Another example where it is useful is shown here:

github.com

pkdn/pytorch-smoothgrad/blob/master/lib/gradients.py#L79


    one_hot = np.zeros((1, output.size()[-1]), dtype=np.float32)
    one_hot[0][index] = 1
    if self.cuda:
        one_hot = Variable(torch.from_numpy(one_hot).cuda(), requires_grad=True)
    else:
        one_hot = Variable(torch.from_numpy(one_hot), requires_grad=True)
    one_hot = torch.sum(one_hot * output)


    if x_plus_noise.grad is not None:
        x_plus_noise.grad.data.zero_()
    one_hot.backward(retain_variables=True)


    grad = x_plus_noise.grad.data.cpu().numpy()


    if self.magnitutde:
        total_gradients += (grad * grad)
    else:
        total_gradients += grad
    #if self.visdom:


avg_gradients = total_gradients[0, :, :, :] / self.n_samples

Here the input image is treated as variables, and a gradient is calculated to see which parts in the image will have most influence on the global classification decision.
This is useful when you trained a classifier without any localization and you still want to see some localization information.

jpeg729 · January 4, 2018, 7:35am

The question asks about retain_variables, some answers talk about retain_graph. What is the difference between the two?

jdhao · January 4, 2018, 8:33am

It is essentially the same, retain_variables argument has been deprecated in favor of retain_graph.

devansh20la · April 9, 2018, 11:40pm

I understand If I have two loss functions in different parts of the network, I’ll have use retain_graph.

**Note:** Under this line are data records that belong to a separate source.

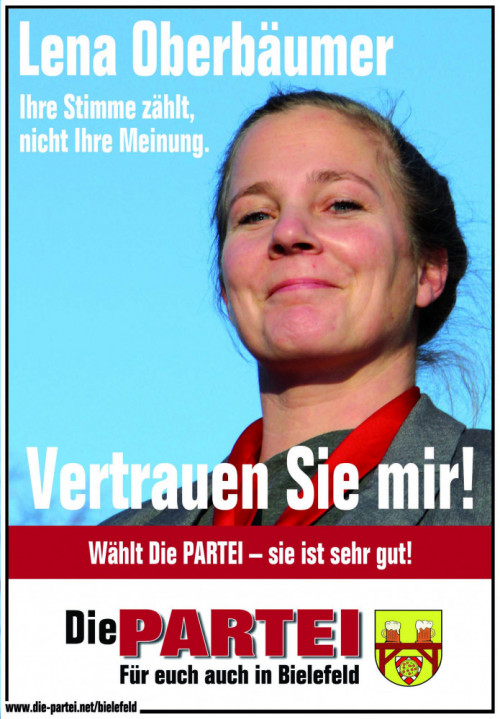 (...) wir sind eine seriöse PARTEI. Daher können Sie sich darauf verlassen, dass in all unseren Plakaten ernstgemeinter Aussagen enthalten sind.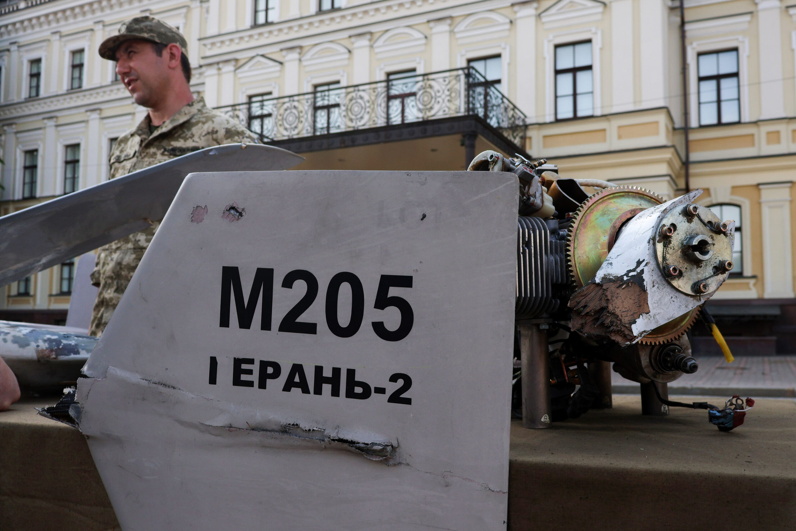 Фото: Фрагменты иранского дрона Shahed-136 (в России названного «Герань‑2»), установленные как символ войны в центре Киева. Aleksandr Gusev / SOPA Images/Sipa USA via Reuters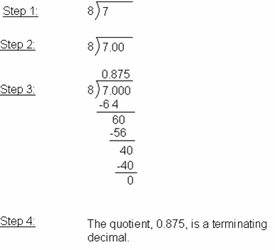 - Write a decimal point and several zeroes after the numerator (dividend).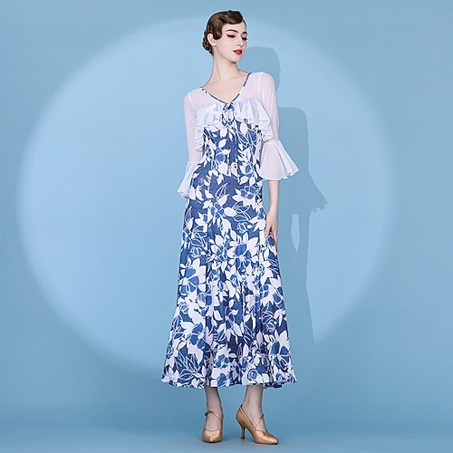 abito da ballo da sala da donna con fiori, scollo a V, volant, maniche a campana, abito da valzer, abito da competizione standard moderno, blu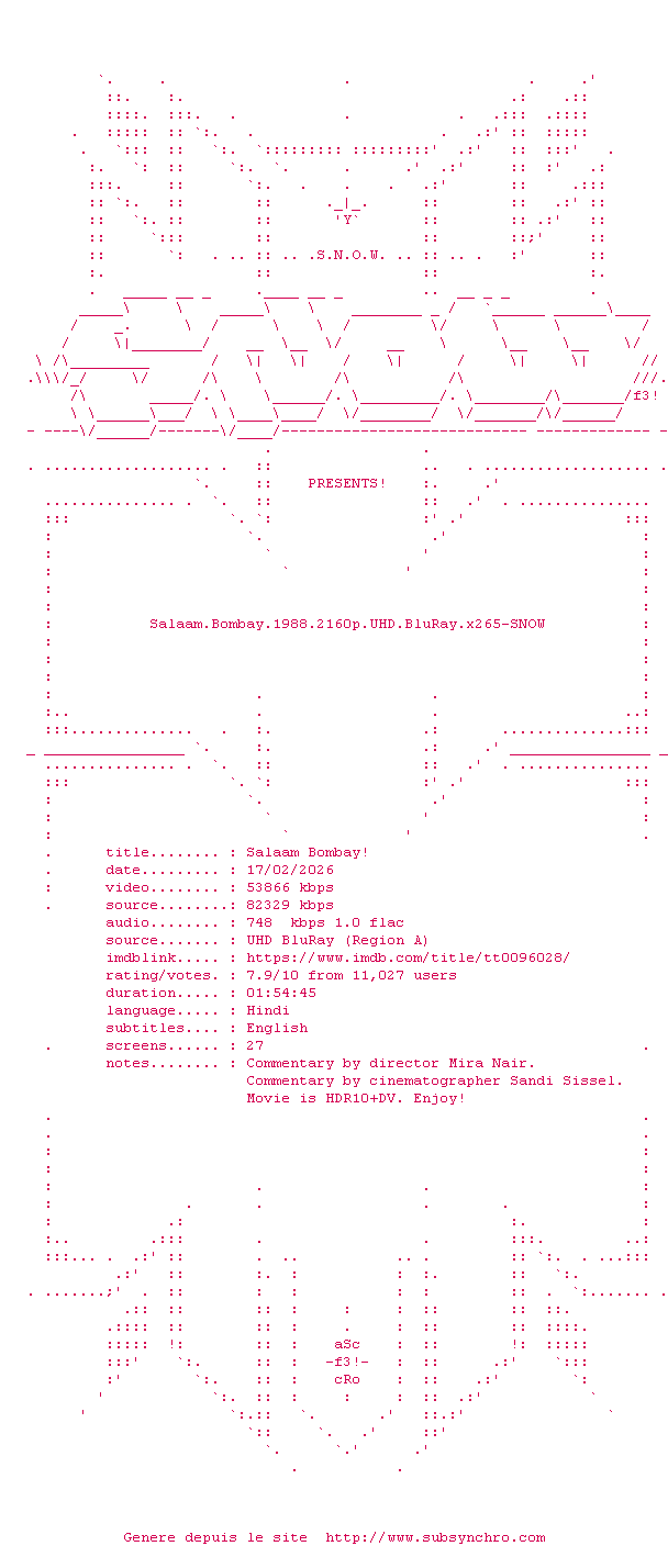 La release Salaam.Bombay.1988.2160p.UHD.BluRay.x265-SNOW est en 4K

What if I add both the losses and do total_loss.backward() ?

for example:

Rather than

loss1.backward(retain_graph=True)
loss2.backward()
opt.step()

I would just do

total_loss = loss1 + loss2
total_loss.backward()
opt.step()

smth · April 10, 2018, 4:09am

@devansh20la that is pretty legit and works well.

PetrusKe · April 16, 2018, 12:24pm

Hi, @smth ,
I just started to use pytorch recently. And I also comfuse about above problem.
And I think above two ways may not same?

While use:
loss1.backward(retain_graph=True)
_ loss2.backward()_
_ opt.step()_
the layers between loss1 and loss2 will only calculate gradients from loss2.
and the layers before loss1 will calculate gradientes as sum of loss1+loss2

but if use:
total_loss = loss1 + loss2
_ total_loss.backward()_
_ opt.step()_
all layers will calculate gradient by using loss_value = loss1 + loss2

What do you think about it?

devansh20la · July 6, 2018, 1:30pm

derivative of weights of model 2 wrt to loss 1 would be zero.

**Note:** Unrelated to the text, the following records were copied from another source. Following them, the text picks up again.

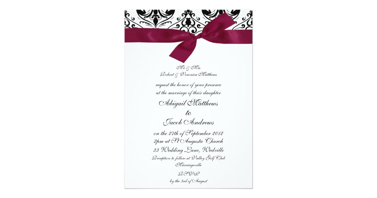 black burgundy ribbon wedding invitation zazzle from black and burgundy wedding invitations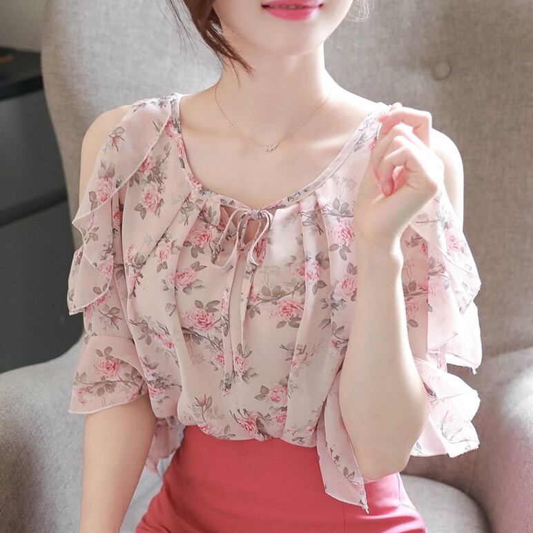 小花柄のトップス 花柄 レトロ ブラウス シフォン 半袖 ラウンドネック リボン カットショルダー オープンショルダー 透け感 シアー フェミニン 上品 きれいめ 大人かわいい デート お食事 お呼ばれ RB-A07-0067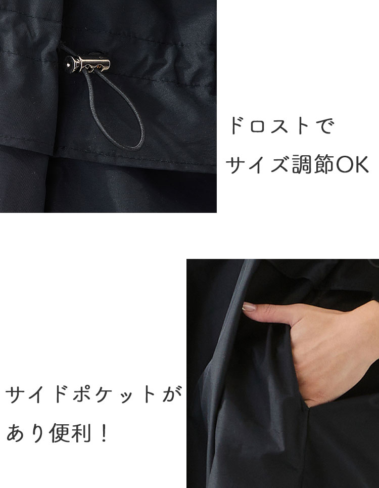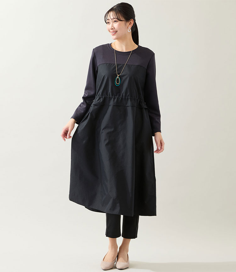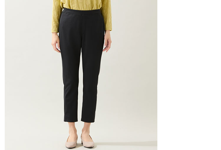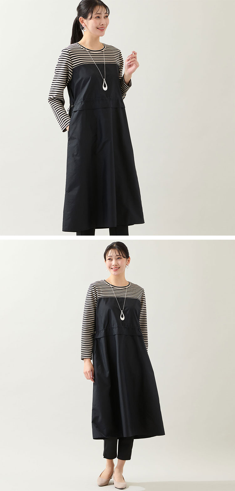 ウエスト上の切り替えで視線が上がり、スタイルアップ効果大◎脇のドロストでウエスト幅の調節が可能です。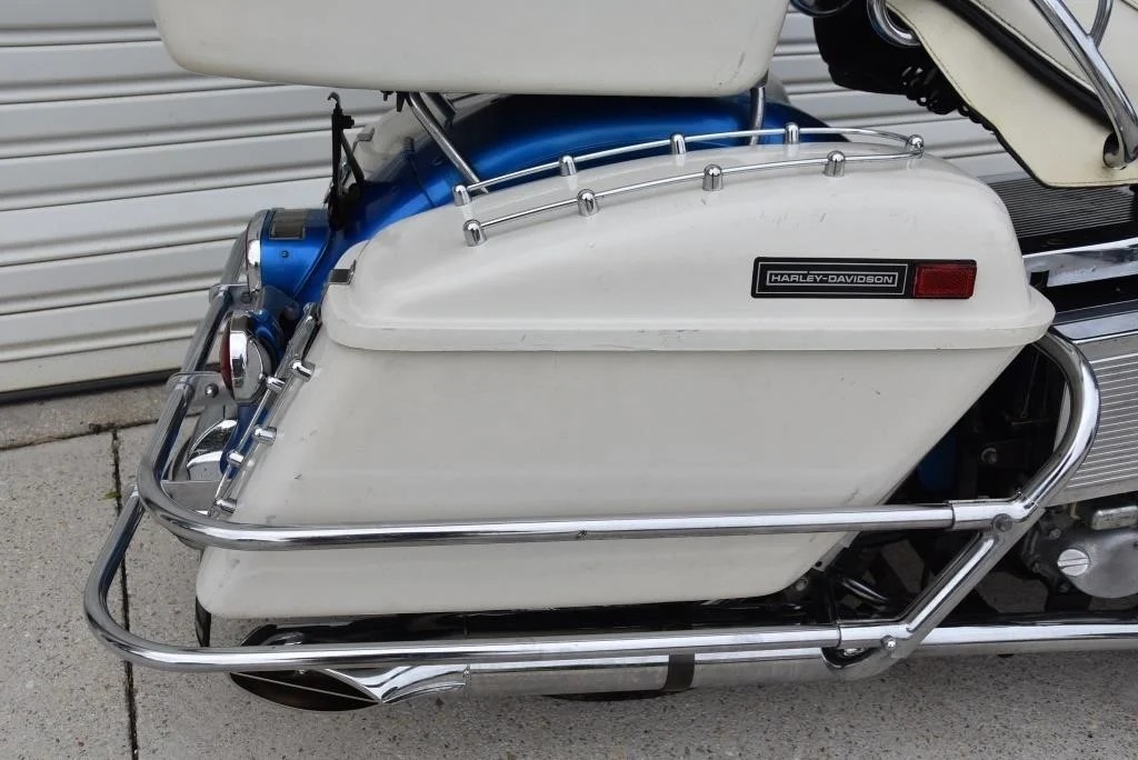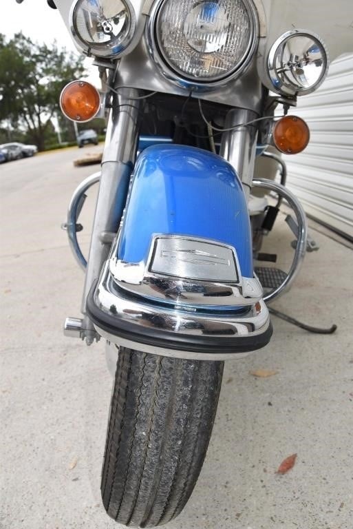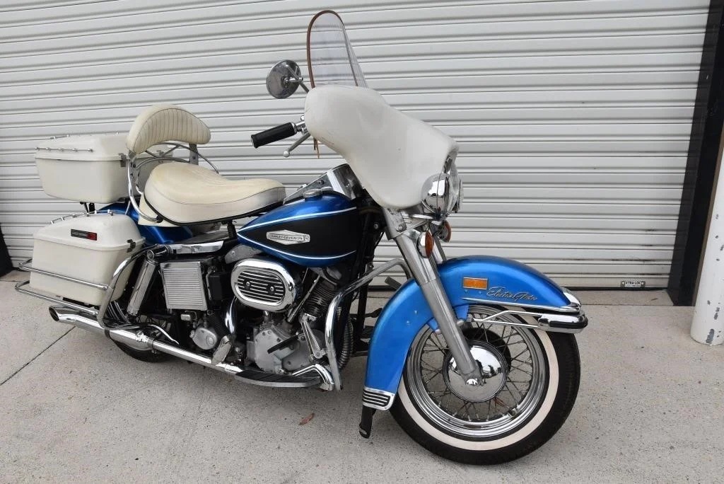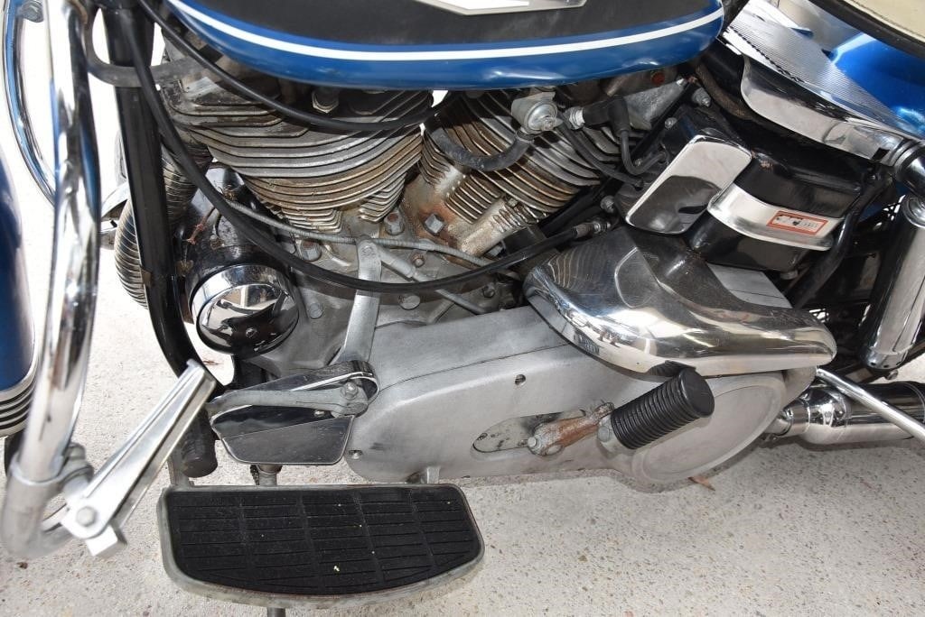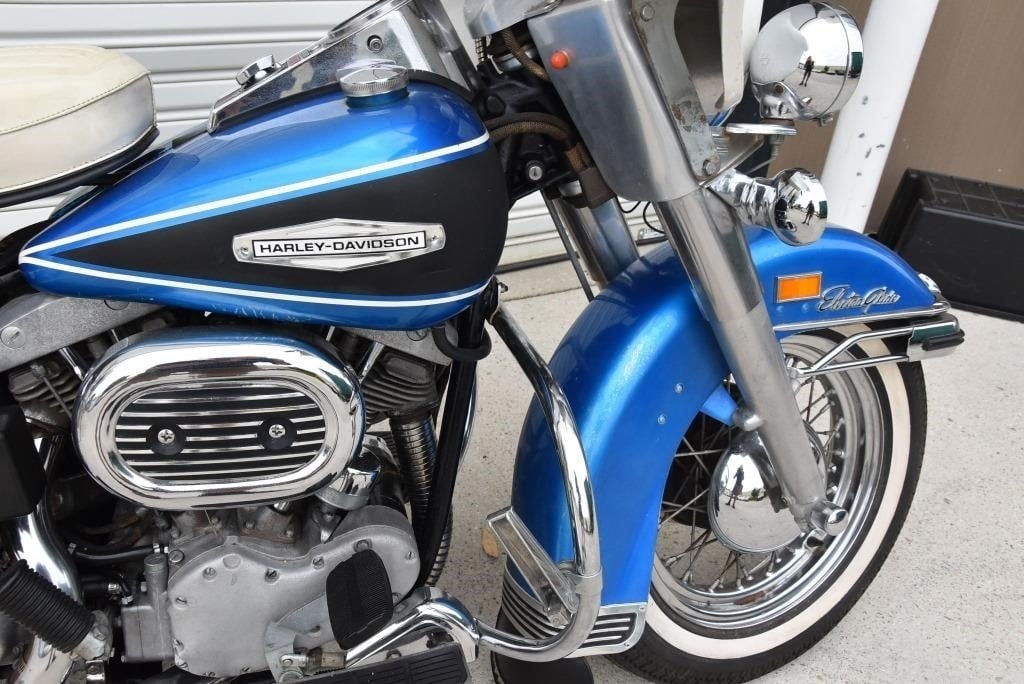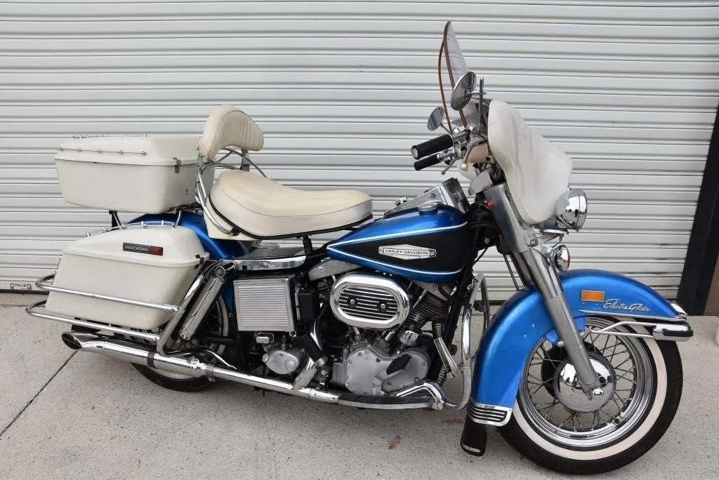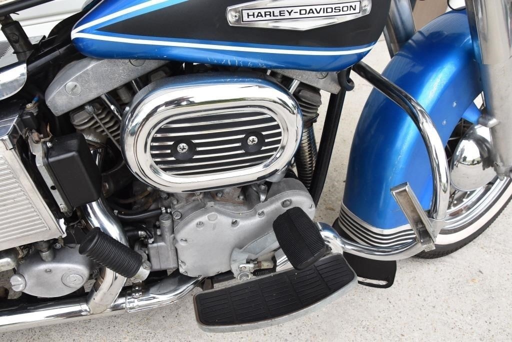 Harley Davidson 1968 FLH Electra glide Original Sparkling Blue paint and just over 7,500 miles only. This has the all new Shovelhead parts that characterised Harley styling into the '70s including cast dash, alloy oil pump, etc. This beautiful example was sold out of the renowned Egeberg Brothers HD dealership in Minneapolis (dealer tag on rear fender) and was bought from a friend of the original owner. Nut and bolt perfect! Please note that the lot number for this bike will change during October when the bikes are placed throughout the auction catalogue. #Lot 430

STU · February 24, 2019, 7:17am

‘loss1.backward(retain_graph=True)’ will update the model-1’s parameters,
when we do loss2.backward(), will update the model-1?

STU · February 24, 2019, 7:26am

we need the variables or the part of computational graph of model-1, but we won’t update it’s parameters? e.g. in GAN. Are there any mistakes with my understanding?

devansh20la · February 24, 2019, 7:31am

Yes, it will update model1 parameters. Gradients from loss2 will flow all the way to model1.

Insight_Gong · October 1, 2019, 4:32am

So what’s the difference between these 2 methods?
I don’t know how the loss1+loss2 is trying to backward.
Do they have diff? What’s the diff?

Insight_Gong · October 1, 2019, 5:44am

As far as I think, loss = loss1 + loss2 will compute grads for all params, for params used in both l1 and l2, it sum the grads, then using backward() to get grad.
Meanwhile, loss1.backward() and loss2.backward() means seperately compute grads in loss1 and loss2, and get grads themselves.

The diff is that: When using optimizer to update step size using gd method, sum(loss).backward() using only 1 optimizer with sum of grads; and l1, l2 using 1 optimizer(or even 2 optimizer) to compute step-size based on the grads, for params which l1 and l2 owns in public, maybe the step-size is depended on l2 loss(which computes later).